Answer:
(a) The exponential function representing the number of people who had watched the video [tex]t[/tex] hours after the initial observation is [tex]n(t) = 129\cdot 1.3^{\frac{t}{3} }[/tex].
(b) As [tex]n(120) < 5\times 10^{6}[/tex], we conclude that this video is not going "viral".
Step-by-step explanation:
Statement is incomplete. The complete statement is:
An internet analytics company measured the number of people watching a video posted on a social media platform. The company found 129 people had watched the video and that the number of people who had watched it was increasing by 30% every 3 hours.
(a) Write an exponential function for the number of people A who had watched the video n hours after the initial observation.
(b) A video is said to go "viral" if the number of people who have watched the video exceeds 5 million within 5 days (120 hours). Would this video be considered to have gone viral?

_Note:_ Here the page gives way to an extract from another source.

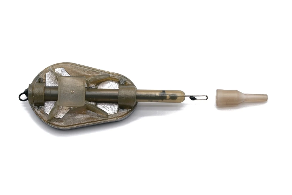 METHOD FEEDER Traditionally, there was no particular science to hook bait placement within the method ball and your bait could even become trapped inside or under the feeder frame. Guru has, quite literally, turned this upside down. Commercial master Steve Ringer engineered a groundbreaking hook bait platform, which sits on the opposite side of the feeder to the main weight loading, ensuring that the hook bait sits on top of the feeder cast after cast. The platform itself is positioned on X-shaped, vented arms that are configured to minimize tangles and allow maximum grip, ensuring that your groundbait can be loaded easily onto the feeder. One cast with a Guru Method Feeder and youll understand why its shaped like it is. The team made long, stable casting a real priority and the weight-forward design really delivers this. These feeders cut across testing crosswinds, like a dart, allowing you to consistently hit the spot, effortlessly building your swim. The colour of the frame is anything but an afterthought. Steve drew upon what he knows of the underwater environment to choose a colour that melts inconspicuously into most lake bed types. The Method feeders are available in four sizes and with X-Safe elastic system or in-line mounting. The X-Safe elastic system acts as a buffer during the fight helping to reduce hook pulls at the net. Not only that, but thanks to the innovative design, its 100 per cent safe for the fish. Should you lose a fish and leave it attached to the feeder, the elastic will simply pull free, allowing the fish to ditch the feeder. All sizes of feeder are completely interchangeable and spare elastics and tubes are available separately. Use the feeder in conjunction with the X-Press mould for perfect, efficient method moulding.

(a) From the statement of the problem we get the following relationship:
[tex]\frac{n_{i+1}}{n_{i}}= r^{[(i+1)-i]}[/tex] (Eq. 1)
Where:
[tex]n_{i}[/tex] - i-th number of people watching a video, dimensionless.
[tex]n_{i+1}[/tex] - (i+1)-th number of people watching a video, dimensionless.
[tex]r[/tex] - Increase ratio, dimensionless.
For Induction Theorem, we get the following relatioship for [tex]i = 0[/tex]:
[tex]\frac{n_{1}}{n_{o}} = r^{1-0}[/tex] (Eq. 2)
For [tex]i = m[/tex], the following relationship is constructed:
[tex]\left(\frac{n_{1}}{n_{o}} \right)\cdot \left(\frac{n_{2}}{n_{1}} \right)\cdot ...\cdot \left(\frac{n_{m+1}}{n_{m}} \right) = r^{m}[/tex]
[tex]\frac{n_{m+1}}{n_{o}} = r^{m}[/tex](Eq. 3)
And for [tex]i = m+1[/tex], we have the following expression:
[tex]\left(\frac{n_{1}}{n_{0}} \right)\cdot \left(\frac{n_{2}}{n_{1}} \right)\cdot ...\cdot \left(\frac{n_{m+2}}{n_{m}} \right) = r^{m+1}[/tex]
[tex]\frac{n_{m+2}}{n_{0}} = r^{m+1}[/tex](Eq. 4)
If we multiply (Eq. 3) by the (m+1)-th ratio based on (Eq. 1):
[tex]\left(\frac{n_{m+1}}{n_{o}}\right)\cdot \left(\frac{n_{m+2}}{n_{m+1}} \right) = r^{m} \cdot r[/tex]
[tex]\frac{n_{m+2}}{n_{o}} = r^{m+1}[/tex]
Which is (Eq. 4) and the exponential function is represented by:
[tex]n_{i+1} = n_{o}\cdot r^{i}[/tex], [tex]i\in \mathbb{N}_{O}[/tex] (Eq. 5)
As the number of people is increased at constant rate every 3 hours, we get that [tex]i[/tex] is:
[tex]i = \frac{t}{3}[/tex], [tex]t \in \mathbb{R}[/tex], [tex]t \geq 0[/tex] (Eq. 6)
Where [tex]t[/tex] is the time, measured in hours.
Then, the exponential function is:
[tex]n(t) = n_{o}\cdot r^{\frac{t}{3} }[/tex] (Eq. 7)
Where [tex]n_{o}[/tex] is the initial number of people watching the video, dimensionless.
If we know that [tex]n_{o} = 129[/tex] and [tex]r = 1.3[/tex], then the exponential function representing the number of people who had watched the video [tex]t[/tex] hours after the initial observation is:
[tex]n(t) = 129\cdot 1.3^{\frac{t}{3} }[/tex]
(b) If we know that [tex]t = 120\,h[/tex], then we evaluate the exponential function:
[tex]n (120) = 129\cdot 1.3^{\frac{120}{3} }[/tex]
[tex]n(120) = 4.659\times 10^{6}[/tex]
As [tex]n(120) < 5\times 10^{6}[/tex], we conclude that this video is not going "viral".